We believed, and continue to believe, that the LiveJournal system and code contains some of the most incredible social features out there, to the point where even today, ten years later, there is no other site that does everything the LJ code does and does it as well. A lot of that amazingness is buried, now, under a lot of "usability problems" that are actually relics of the fact that nobody went back to modernize things once the first draft was released. (To be fair, there are tons of usability problems that are actual usability problems, and were at the time the feature was released, as well. And I don't want to intimate that LJ-now is ignoring these problems either; they've been doing a lot of work on their own technical debt lately, as evidenced by the number of people who accuse them of not working on any new features either.)

One of our major goals with DW is to take the awesomeness that is inherent in the LJ codebase and bring it into the "modern era" of web design and function. We've made some great strides, but we're still only part of the way, and every time we set out to do something new, another whole chunk of problems that we have to address first pop up.
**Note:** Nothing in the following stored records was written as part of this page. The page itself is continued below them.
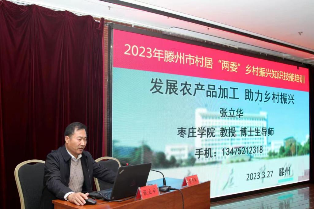3月27日,今年会院长张立华教授受邀为滕州市村居“两委”乡村振兴知识技能培训班学员作“发展农产品加工 助力乡村振兴”专题授课。滕州全市村居两委班子成员5000余人参加培训,活动采取线上线下相结合的方式进行。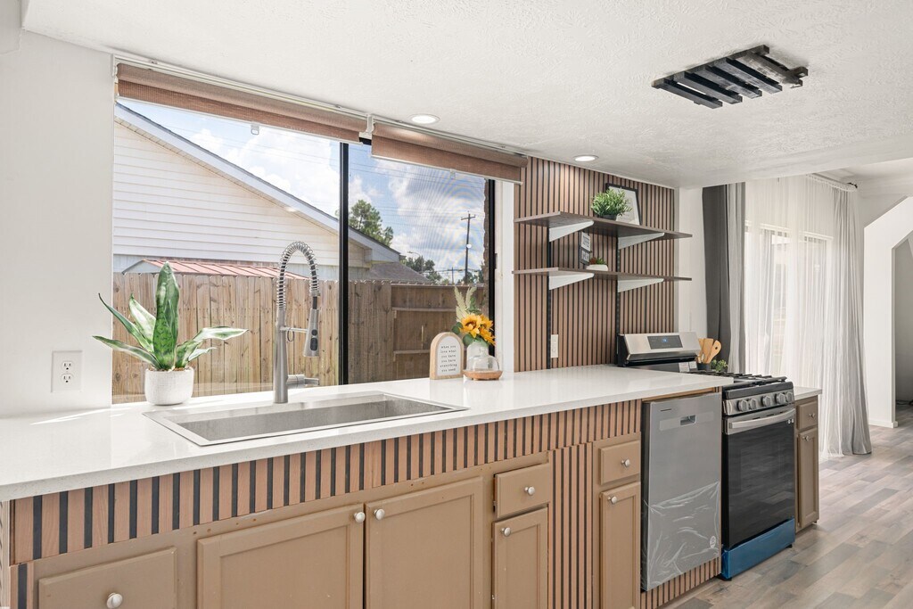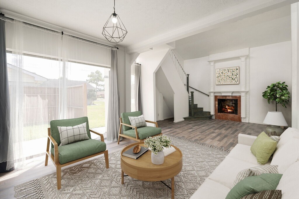 Beautiful 1.5-story home featuring 3 beds,2 baths and an upstairs loft. The brick exterior with charming chimney and inviting front yard create curb appeal. Inside,the open living area offers soaring ceilings,a cozy fireplace,vinyl flooring,& large windows filling the space with natural light. The updated kitchen includes granite countertops,stainless steel appliances,subway tile backsplash,and abundant cabinetry,opening to a breakfast nook with backyard views. Private primary suite features a sleek bath w walk-in shower,vessel sink,& modern vanity. Two secondary beds provide flexibility for guests or office use,while the loft upstairs is perfect for a game room or study. Step outside to a fenced backyard w patio. Community amenities include a park,playground,sports court,and tennis court with low HOA fees. Excellent schools. Convenient access to Beltway 8 and I-45 with shopping,dining,and entertainment nearby. MLS# 20475880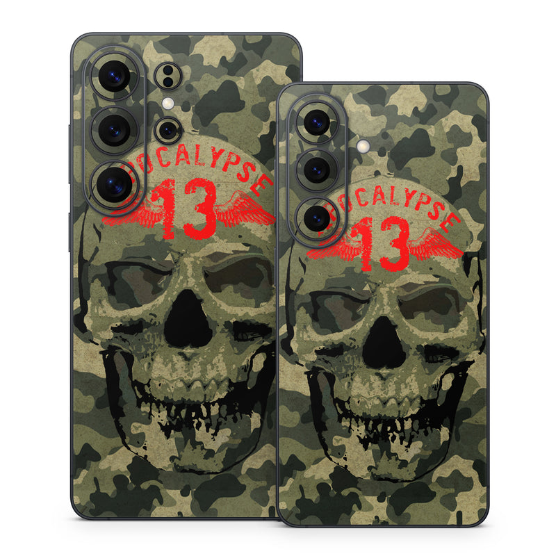 iStyles Samsung Galaxy S26 Series Skin design of Bone, Jaw, Art, Font, Skull, Snout, Visual arts, Pattern, Graphics, Graphic design, with black, green, red colors, and tagged with skulls, signs, military, patterns, fantasy, apocalypse, thirteen, military, camo.

It's the technical equivalent of having to learn to crawl before you can learn how to walk: before we can complete the new update page redesign, for instance, we need to do an incredible amount of work in order to make it possible to intermingle JQuery (the Javascript library that we need for the modernized widgets on the update page) with the existing Javascript the site uses. (Among many other things.)

So, when you see a code tour that's full of nothing but backend improvements, don't think of it as "DW isn't doing any feature development". Think of it as "DW is doing the necessary background work to enable awesome feature development in the future". The work we're doing now is going to pay off in the future, and it's going to allow us to do epic things.
sophie: A cartoon-like representation of a girl standing on a hill, with brown hair, blue eyes, a flowery top, and blue skirt. ☀ (Default)

[personal profile] sophie 2011-03-31 10:13 pm (UTC)(link)
I have actually apologised to the next developer in comments because of this!